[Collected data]
+++

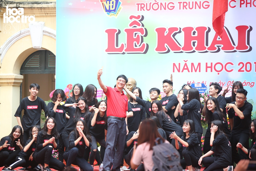 Thầy trò trường Việt Đức cùng nhau chụp hình ghi lại khoảnh khắp đáng nhớ trên sân khấu.
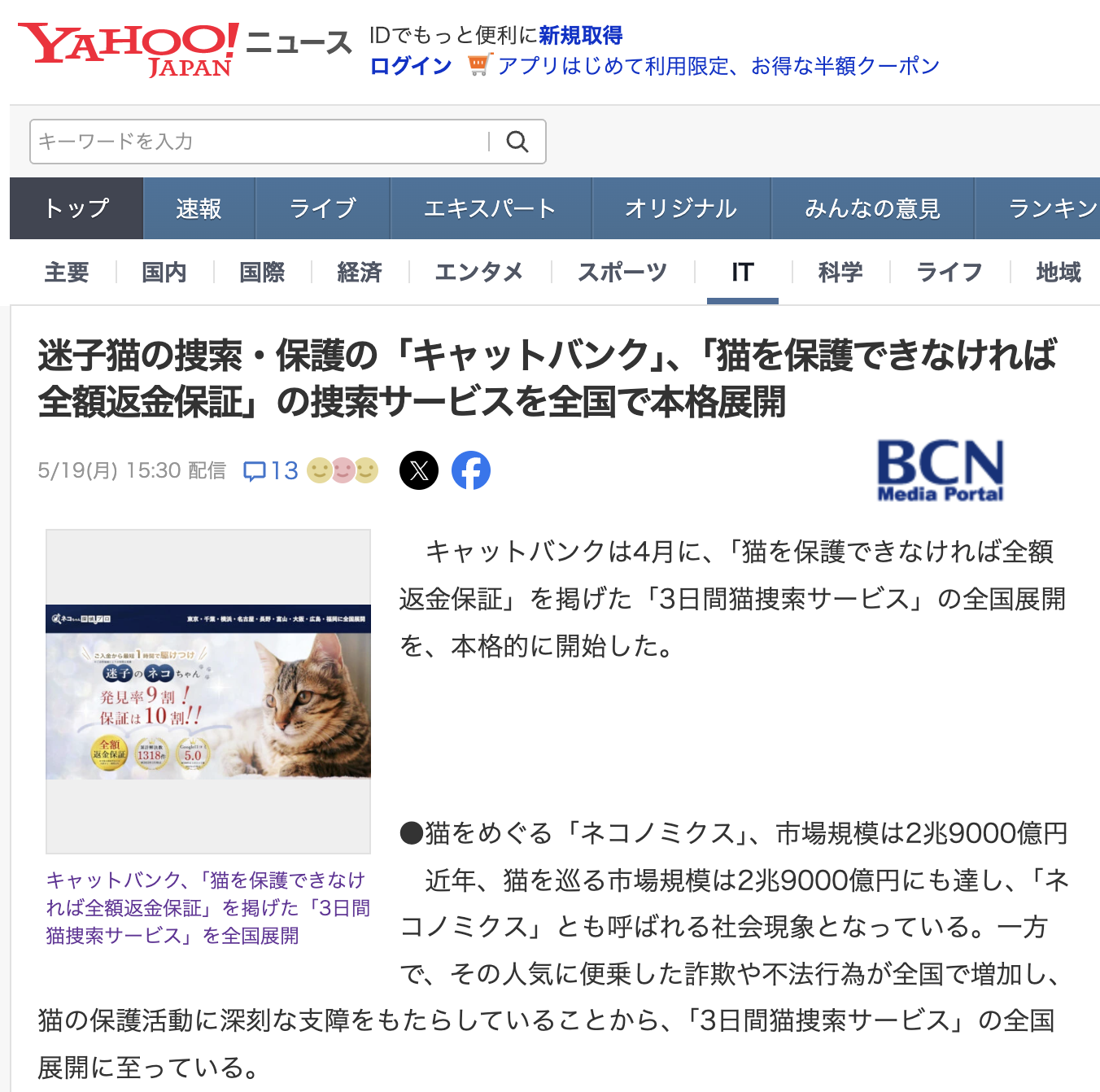 今回の「ネコ探偵」のyahooニュース掲載がまさにそれです。
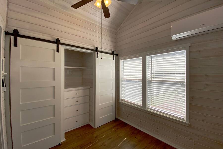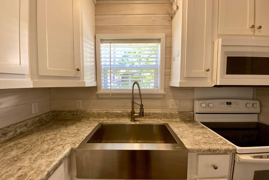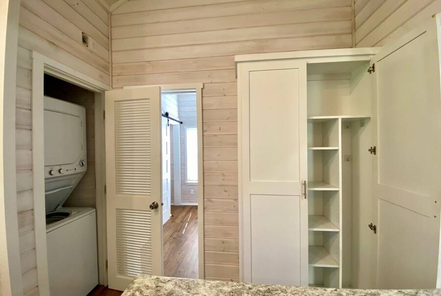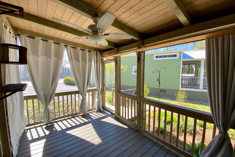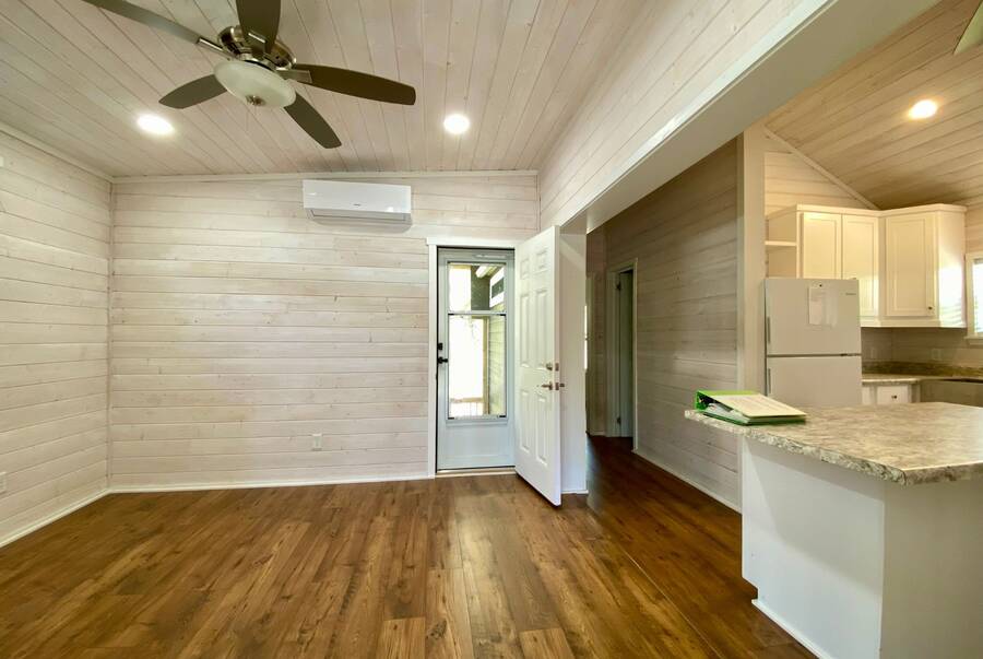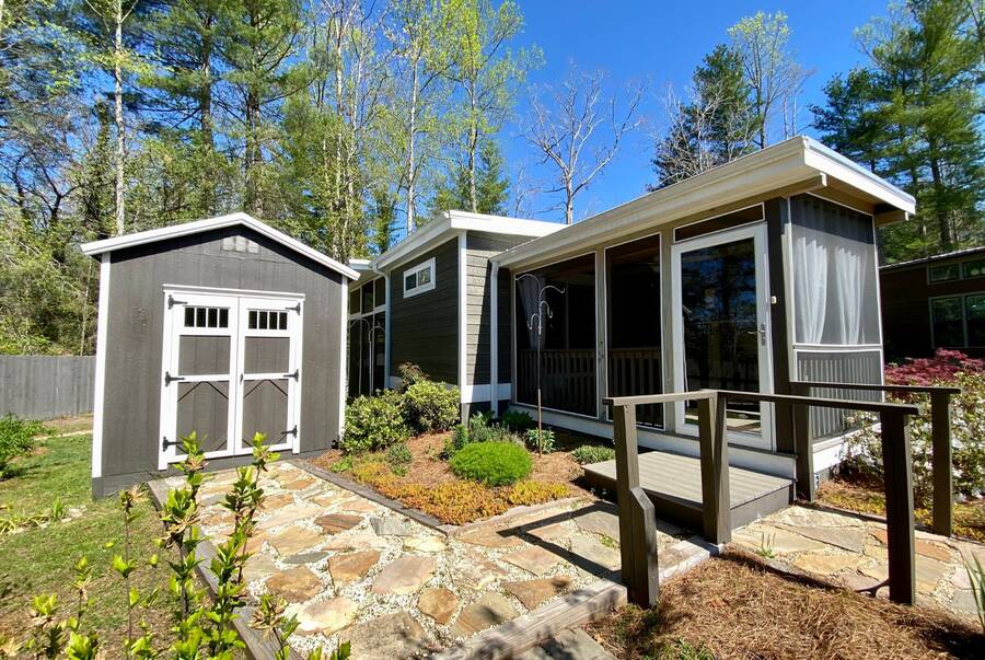 Step into 543 sqft of thoughtfully utilized space featuring 2 cozy bedrooms and 1 sleek bathroom, perfect for downsizers or those seeking simplified, stylish living. The property has 2 lovely screened porches. Enjoy your morning coffee or evening wine in the tranquil surroundings. Looking for extra storage? This tiny home comes with a shed! Keep your new home organized and clutter-free.
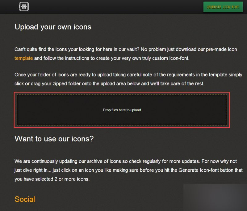 6、访问地址:http://iconvau.lt/app(稍有些慢,还请耐心等待。这个网站很厉害,直接把后两大步包办了),进入后会看到如下界面,将zip文件拖入到红框范围中(也可点击红框范围,选择zip文件),耐心等待文件上传并转换,别关浏览器。字体转换完成后会自动下载一个名为iconvault.zip的文件,没有自动下载可以点网站中出现的链接进行下载(压缩包放在附件里供大家参考)。
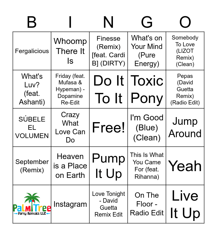 This bingo card has 1 images, a free space and 28 words: BREAK MY SOUL, Crazy What Love Can Do, Fancy Like (Dave Audé Remix), Fergalicious, Finesse (Remix) [feat. Cardi B] (DIRTY), Friday (feat. Mufasa & Hypeman) - Dopamine Re-Edit, Heaven is a Place on Earth, I'm Good (Blue) (Clean), Instagram, Jump Around, Live It Up, Love Tonight - David Guetta Remix Edit, On The Floor - Radio Edit, Pepas (David Guetta Remix) (Radio Edit), Permitame, Pump It Up, September (Remix), Somebody To Love (LIZOT Remix) (Clean), SÚBELE EL VOLUMEN, This Is What You Came For (feat. Rihanna), Tip Toe (feat. French Montana), Toxic Pony, What's Luv? (feat. Ashanti), What's on Your Mind (Pure Energy), Whoomp There It Is, Yeah, Do It To It and Lil Bit (FGL Remix).
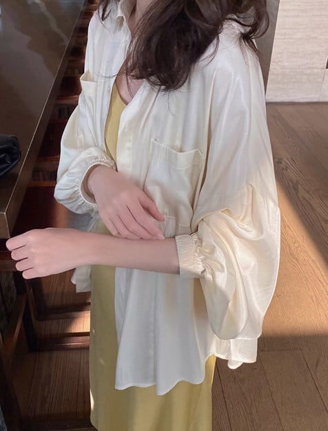 パフスリーブやドロップショルダーが女性らしい印象を演出し、羽織るだけでこなれ感が演出できる一枚です。
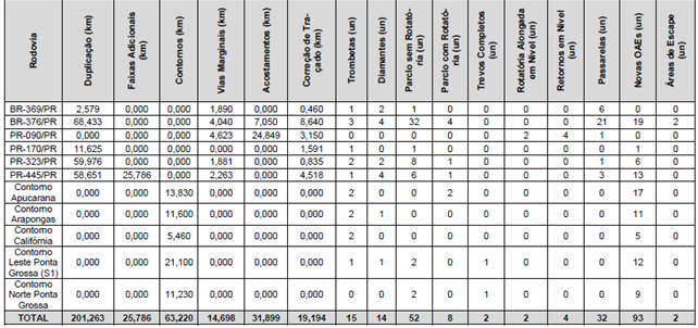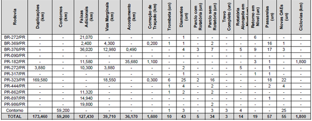 Lote 4 : trechos das rodovias BR-272, BR-369, BR-376, PR-182, PR-272, PR-317, PR-323, PR-444, PR-862, PR-897 e PR-986, numa extensão total de 627,98 km;
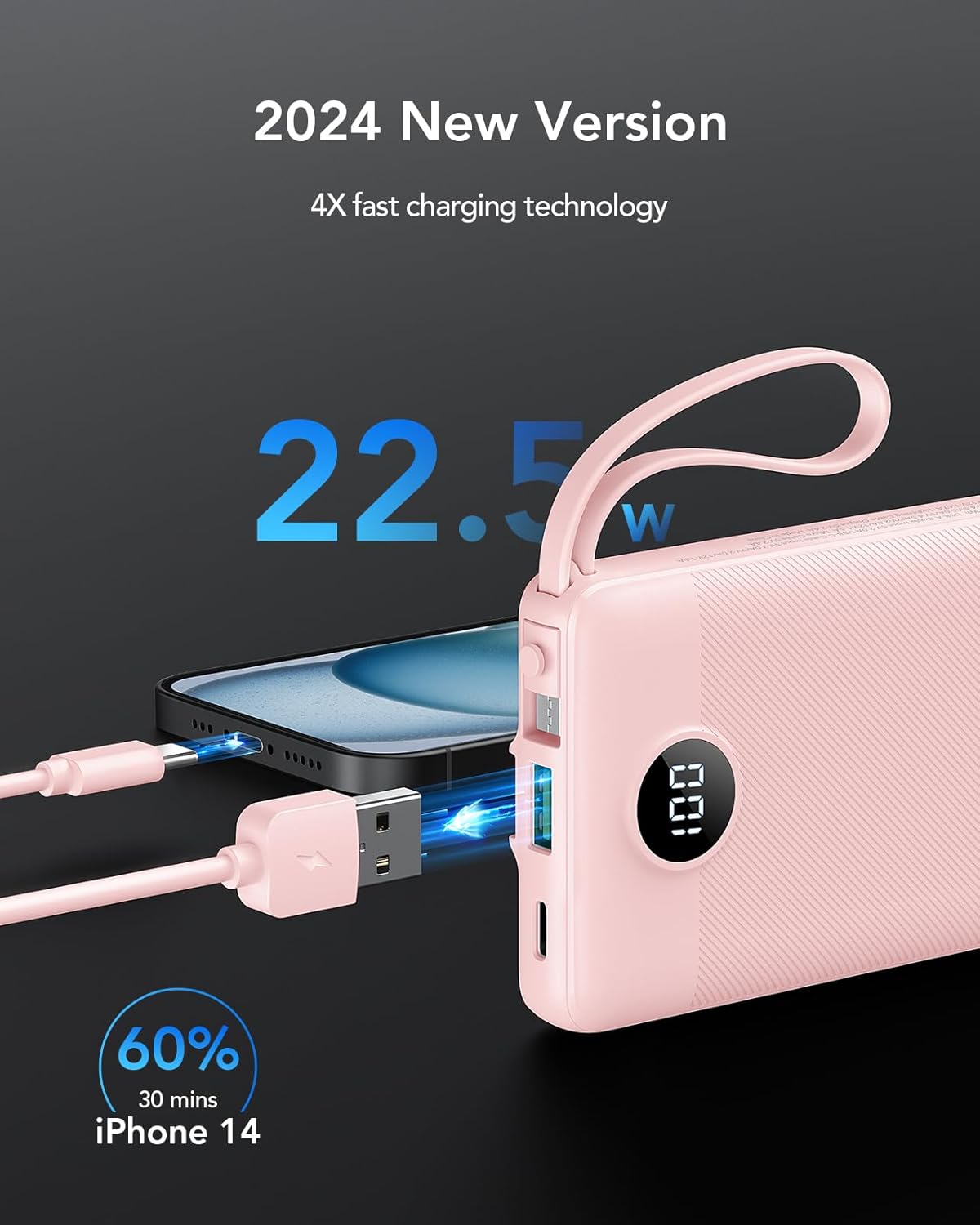 【2024 Newest Portable Charger】 Upgraded 22.5W USB port, 20W USB C input and output cable, 4x fast charging technology. Portable lanyard design, round high-definition LED display, stylish anti-slip shell. Strong and durable cable, well-made with high-quality materials.
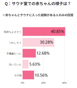 サウナ室での乳児の様子としては、「気持ちよさそう」がトップの40.85%で、続いて「うれしそう」が30.28%という結果に。赤ちゃんにサウナってどうなの? 熱くて泣いてしまうのでは?というイメージを持つかたも多い一方、意外にも71%の赤ちゃんは好反応を示したようです。反対に不機嫌だった・泣いていたといったマイナスの反応を示したのは、約18%と、好反応の赤ちゃんよりも低い割合となりました。
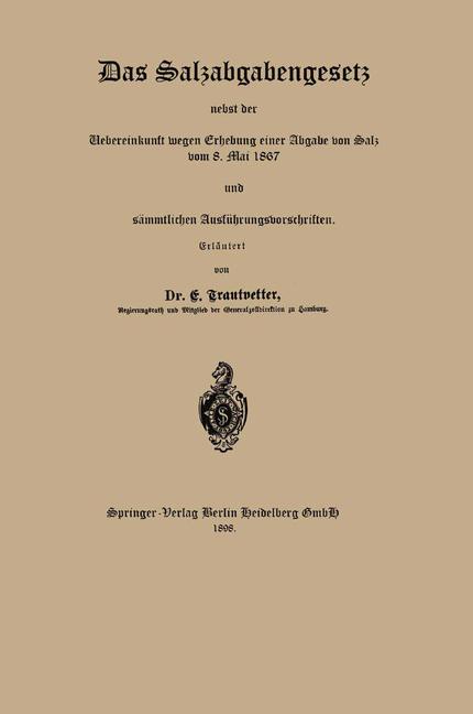 Das Salzabgabengesetz nebst der Uebereinkunft wegen Erhebung einer Abgabe von Salz vom 8. Mai 1867 u

+++

◆ What you need to do:
The records must be copied with no word altered, and without their pictures.

◆ Response:
 Thầy trò trường Việt Đức cùng nhau chụp hình ghi lại khoảnh khắp đáng nhớ trên sân khấu.
 今回の「ネコ探偵」のyahooニュース掲載がまさにそれです。
 Step into 543 sqft of thoughtfully utilized space featuring 2 cozy bedrooms and 1 sleek bathroom, perfect for downsizers or those seeking simplified, stylish living. The property has 2 lovely screened porches. Enjoy your morning coffee or evening wine in the tranquil surroundings. Looking for extra storage? This tiny home comes with a shed! Keep your new home organized and clutter-free.
 6、访问地址:http://iconvau.lt/app(稍有些慢,还请耐心等待。这个网站很厉害,直接把后两大步包办了),进入后会看到如下界面,将zip文件拖入到红框范围中(也可点击红框范围,选择zip文件),耐心等待文件上传并转换,别关浏览器。字体转换完成后会自动下载一个名为iconvault.zip的文件,没有自动下载可以点网站中出现的链接进行下载(压缩包放在附件里供大家参考)。
 This bingo card has 1 images, a free space and 28 words: BREAK MY SOUL, Crazy What Love Can Do, Fancy Like (Dave Audé Remix), Fergalicious, Finesse (Remix) [feat. Cardi B] (DIRTY), Friday (feat. Mufasa & Hypeman) - Dopamine Re-Edit, Heaven is a Place on Earth, I'm Good (Blue) (Clean), Instagram, Jump Around, Live It Up, Love Tonight - David Guetta Remix Edit, On The Floor - Radio Edit, Pepas (David Guetta Remix) (Radio Edit), Permitame, Pump It Up, September (Remix), Somebody To Love (LIZOT Remix) (Clean), SÚBELE EL VOLUMEN, This Is What You Came For (feat. Rihanna), Tip Toe (feat. French Montana), Toxic Pony, What's Luv? (feat. Ashanti), What's on Your Mind (Pure Energy), Whoomp There It Is, Yeah, Do It To It and Lil Bit (FGL Remix).
 パフスリーブやドロップショルダーが女性らしい印象を演出し、羽織るだけでこなれ感が演出できる一枚です。
 Lote 4 : trechos das rodovias BR-272, BR-369, BR-376, PR-182, PR-272, PR-317, PR-323, PR-444, PR-862, PR-897 e PR-986, numa extensão total de 627,98 km;
 【2024 Newest Portable Charger】 Upgraded 22.5W USB port, 20W USB C input and output cable, 4x fast charging technology. Portable lanyard design, round high-definition LED display, stylish anti-slip shell. Strong and durable cable, well-made with high-quality materials.
 サウナ室での乳児の様子としては、「気持ちよさそう」がトップの40.85%で、続いて「うれしそう」が30.28%という結果に。赤ちゃんにサウナってどうなの? 熱くて泣いてしまうのでは?というイメージを持つかたも多い一方、意外にも71%の赤ちゃんは好反応を示したようです。反対に不機嫌だった・泣いていたといったマイナスの反応を示したのは、約18%と、好反応の赤ちゃんよりも低い割合となりました。
 Das Salzabgabengesetz nebst der Uebereinkunft wegen Erhebung einer Abgabe von Salz vom 8. Mai 1867 u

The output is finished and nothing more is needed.